Ama la serie Envidiosa (estoy segura de que para este punto se la sabe de memoria), El diario de la princesa y la Coca-Cola.
En el diario, Romina se toma cada historia con mucha seriedad y respeto. Dedica tiempo a pensar cada pregunta, a escuchar sin interrumpir y a crear un espacio seguro para que quienes entrevista se sientan cómodos. Pasa horas desgrabando audios, corrigiendo textos y cuidando cada detalle, y espera con ansiedad el momento en que sus notas finalmente se publican. Algo que nos resulta muy gracioso es que se encariña con cada persona que entrevista. Cuando vuelve a cruzarlas en la calle las saluda como si fueran amigas de toda la vida, con besos, abrazos y sonrisas.

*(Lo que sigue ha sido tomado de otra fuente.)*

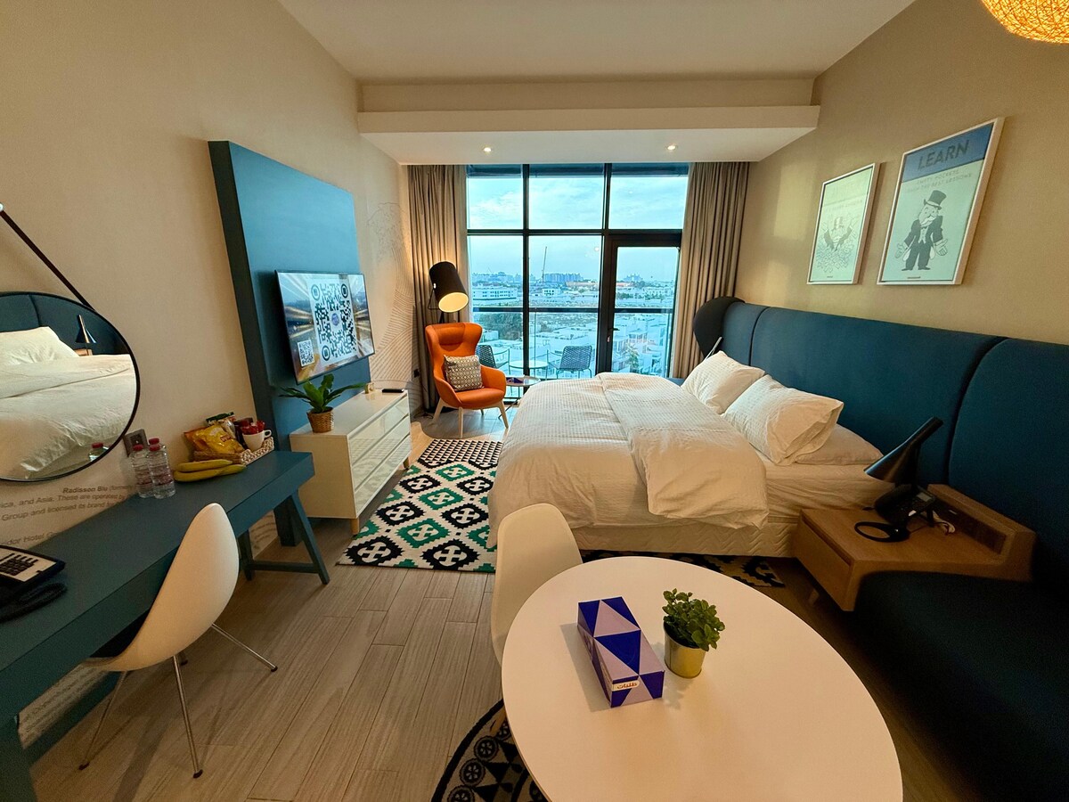 Opplev all prakten i Dubai, og hvil deg komfortabelt inne i vårt oppgraderte luksusstudio med Netflix, som ligger ved siden av Nakheel Mall at the Palm. Nyt den fantastiske utsikten fra din private balkong, og nyt tilgang til de beste landemerkene, spisesteder, gratis tilgang til stranden og opplevelser byen har å by på. Slapp av i det luksuriøse treningsområdet eller ta en forfriskende dukkert i det 25 meter lange svømmebassenget. Hvis du verdsetter friskhet, kan du benytte deg av vår gratis rengjøringstjeneste, som er tilgjengelig to ganger i uken.

Romina es luchadora, fuerte e inteligente. A pesar de todo, siguió estudiando después de tenernos a los cinco y se recibió de técnica en periodismo, demostrando que nunca es tarde para cumplir sueños. Es también profundamente generosa. Hace cosas desinteresadas sin esperar nada a cambio: lleva regalos al hospital en Navidad, Reyes Magos y el Día del Niño, y va con una merienda y música al hogar del adulto mayor en el Día del Abuelo.
A nosotros siempre nos hizo parte de esa realidad. Nos llevaba con ella, comíamos con los niños de los merenderos en los que participaba, fuimos partícipes de jornadas solidarias y veíamos de cerca situaciones que nos marcaron. Nos enseñó a mirar al otro con empatía y respeto. Si hoy somos quienes somos, es gracias a ella.
Nos enseñó a ser unidos, fuertes, valientes y a pelear por lo que queremos. Nos ama incondicionalmente a nosotros y también a Hero, nuestro perrito, a quien malcría y mima. Siempre está hablándole, haciéndole caricias y tratándolo como un hijo más.
Esta vez, la historia que se cuenta no es la de alguien que pasa por la calle o atiende detrás de un mostrador. Es la historia de quien dedica su vida a contar las historias de los demás, sin saber, o quizás sin darse cuenta, que ella también deja huella todos los días. En su trabajo, con sus notas, y sobre todo, en nosotros.
Porque antes que locutora, periodista o comunicadora, Romina Buzzo es mamá. Y esa, sin dudas, es la historia más importante que escribe a diario.
Escrita esta historia por mis hijos Faustina , Gerónimo,Lautaro y Bautista Caiazzo Buzzo y Nahuel Panizza Buzzo.